I have read a few books about Kalaupapa and what life was like for some of the people who were sent here once they were diagnosed with Hansen's Disease (the proper name for leprosy). It was a tragic time for the more than 8000 people who were sent here over a period of 80 - 100 years. People taken away from their families and sent here to be in isolation, where they could not spread the disease. Little children, mothers and fathers.... no one was spared. This photo above is the visiting room. There used to be a glass window that ran right down the middle of the room from end to end. When family or friends came to visit (which was quite rare), the patients would be on one side and the visitors on the other, with absolutely no contact allowed. In later years they changed it to chain link fence so at least conversations could be had, but still no contact.  

A fun old building... even a licence plate from Alberta! No idea how it got there!

A beautiful spot to sit and journal.
After an hour or so of exploring on my own, I met John back at the wharf where we jumped into the ocean and snorkeled.

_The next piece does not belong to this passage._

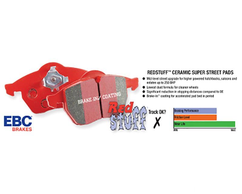 There are TWO reasons our customers love Redstuff, First because they are the lowest dust pad we have encountered by reducing dust by 60-90-percent. Plus the minimal dust you see is very easily removed with a simple sponge wash as it contains no steel fiber particles as in ALL OTHER pads. Second they brake like an alligator right from cold (as good as Original pads or better) and just get better as they heat up. This material is a Synthetic Fiber based brake compound enhanced with ceramic particles. If you have previously tried EBC redstuff (pre-ceramic compound) this material is light years ahead. It lasts longer; it brakes better and is quieter. Being a hard wearing pad, bed-in times can be as long as 1000 miles and drivers must be patient until the pad takes up the shape of their disc (brake rotor). This is a truly impressive fast road pad for repeated heavy braking.It emits far less dust than semi-metallic pads and has been proven to stop a passenger car/sedan/sport compact/hot hatch 13 meters quicker than OEM pads from 100mph/160kph. Features EBC Brake-In surface coating which conditions rotor surface and accelerates pad bed-in. Nominal friction coefficient 0.5 with approx. 50-percent dust reduction. Most EBC Red Ceramic pads are approved to ECE R90 brake safety regulation.

The water was crystal clear and there were fish everywhere. It felt like we were in a giant aquarium! So wonderful!
After a swim and picnic lunch we met up with Paul who took us for a little tour of the peninsula.
Up on top the crater rim. It was so windy!
The geography of this area is fascinating. About 2 million years ago there was a huge landslide and part of the mountains on the north side of Molokai fell into the sea, leaving the incredible sea cliffs that we see today (the highest sea cliffs in the world). Then about half a million years ago, a volcano just off shore and underwater erupted, forming the peninsula at the base of the cliffs. The crater of that volcano is still part of the peninsula and has a small lake at the bottom of it that is 800 ft deep!
The green cliffs are breathtakingly beautiful.

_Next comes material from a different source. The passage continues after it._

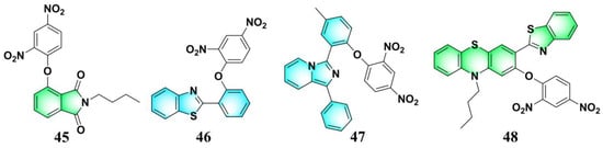 Excited-state intramolecular proton transfer (ESIPT)-based fluorescent probes are highly attractive due to their unique optical features, such as large Stokes shift, high fluorescence quantum yield, tunable structure and emission wavelength, and potential for ratiometric sensing [8,113]. By coupling 2,4-dinitrophenyl ether to a green-emissive ESIPT fluorophore, 3-hydroxyphthalimide, Song et al. synthesized a turn-on fluorescent PhSH probe (45) (Figure 20) [114]. Due to the PET process from the fluorophore to the dinitrophenyl ether moiety, probe 45 is non-fluorescent (ΦF < 0.001). Upon addition of PhSH, the dinitrophenyl ether group of the probe can be cleaved to liberate 3-hydroxyphthalimide which can undergo an ESIPT process under photoexcitation and exhibit the keto-form emission at 516 nm. The probe system displayed a large Stokes shift (161 nm). The dynamic range and LOD for sensing PhSH are 0–10 μM and 3.5 nM, respectively. By using other ESIPT fluorophores, including 2-(2′-hydroxy-phenyl)benzothiazole (HBT), an imidazo [1,5-α]pyridine derivative, and phenothiazine-HBT compound, three other fluorescent PhSH probes (46 [115,116], 47 [117], and 48 [118]) were also presented (Figure 20).

On the east side of the peninsula near the original settlement of Kalawao.
Walking along the beach, back to the trail up the pali.
 It was quite a hike back up! My calves hurt for a few days after that!
What an incredible day! We were blessed to have some of our new friends (Julie and David) spending the day with the kids so we could have the day together at Kalaupapa. They had a wonderful time and weren't ready for us to come back when we did.
There is so much more I'd love to share about Kalaupapa and the history there but it's beyond the scope of this blog post. If you are at all interested in learning more about this bit of history I would highly recommend a couple of books: No Footprints in the Sand is an amazing memoir written by a patient who just died a few years ago. Molokai is historical fiction. It's well researched, well written and hard to put down... about a young girl sent to Kalaupapa at the age of 7. An amazing, heart wrenching, but beautiful tale.

 Both of these books have left a lasting impression on me, making it even more special to be down there, feeling the energy of all the people that once lived there. A handful of patients remain in Kalaupapa, living out their last years in this beautiful place they call home. If you are ever in Hawaii, I would highly recommend a trip to Molokai, and to Kalaupapa. Make sure you read one of the books first though so you can truly appreciate the history! It is truly an unforgettable experience.